The Presidential Anti-Corruption Commission (PACC) was an anti-corruption government agency of the Philippines which existed during the administration of President Rodrigo Duterte.

History

President Rodrigo Duterte created the Presidential Anti-Corruption Commission (PACC) through Executive Order No. 43 which was signed on October 4, 2017. This was a response to Ombudsman Conchita Carpio-Morales, and her deputies Melchor Arthur Carandang and Rodolfo Elman pursuing a fact-finding investigation on Duterte's alleged illegal bank deposits worth at least  as stated by Senator Antonio Trillanes. Duterte earlier said he would create a commission to have Carpio-Morales and her deputies investigated for possible abuse of power. The PACC enables the President to conduct lifestyle checks and fact-finding on public officials and employees.

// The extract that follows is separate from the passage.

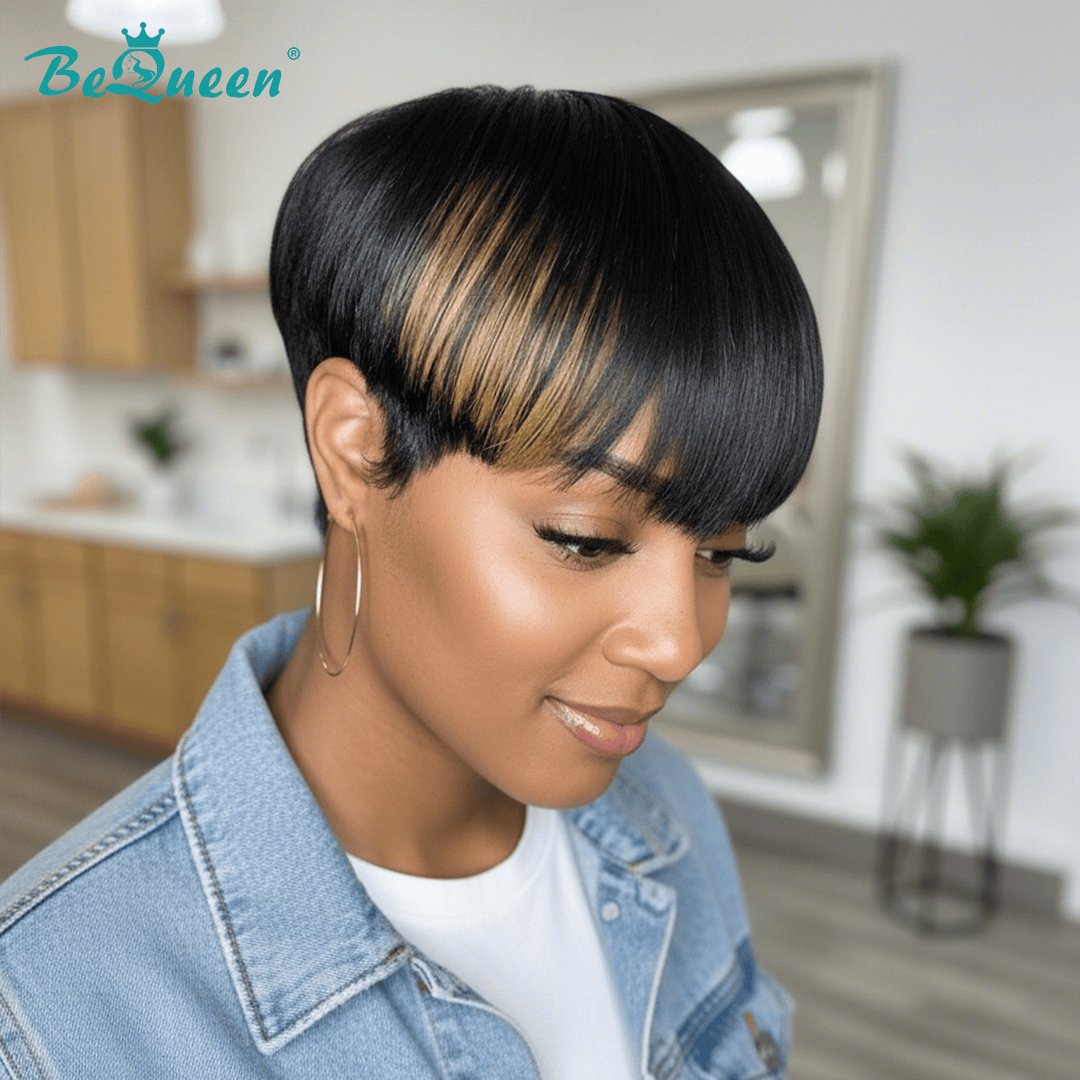 Bequeen Highlight Brown Machine Made Pixie Wig
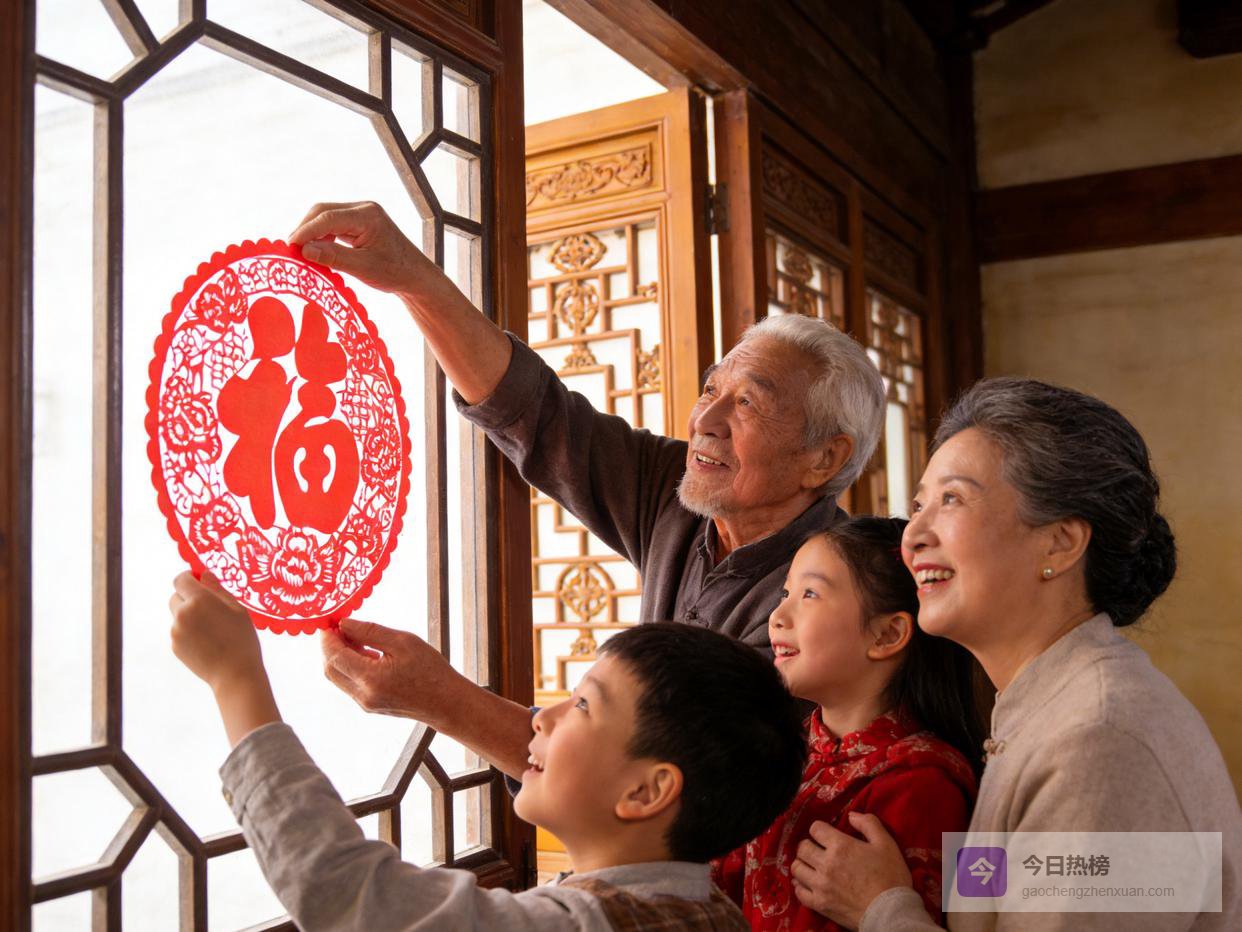 “窗花贴处笑声喧”一转,空间顿生暖意。红纸剪就的“福”字或“春”字贴上窗棂,冰冷的玻璃突然有了温度。孩子的笑闹撞碎了冬日的沉寂,大人的低语混着糨糊的甜香,家务不再是苦役,而成了家庭仪式的彩排。窗花是门笺,也是心笺,将外界的寒风挡在窗外,把团圆的热望贴在心里。

On  December 28, 2018, Duterte issued Executive Order No. 73 which mandates the PACC to recommend complaints of violation against the Anti-Red Tape Act to the Anti-Red Tape Authority.

In September 2021, the National Anti-Corruption Coordinating Council (NACC), a child agency under the PACC, was formed amidst the COVID-19 pandemic in the Philippines. The NACC launched the Project Kasangga: Aksyon Kontra Korapsyon, an initiative to improve the detection of anomalous transactions amidst scrutiny on the utilization of the government's funds for the pandemic response by the Duterte administration.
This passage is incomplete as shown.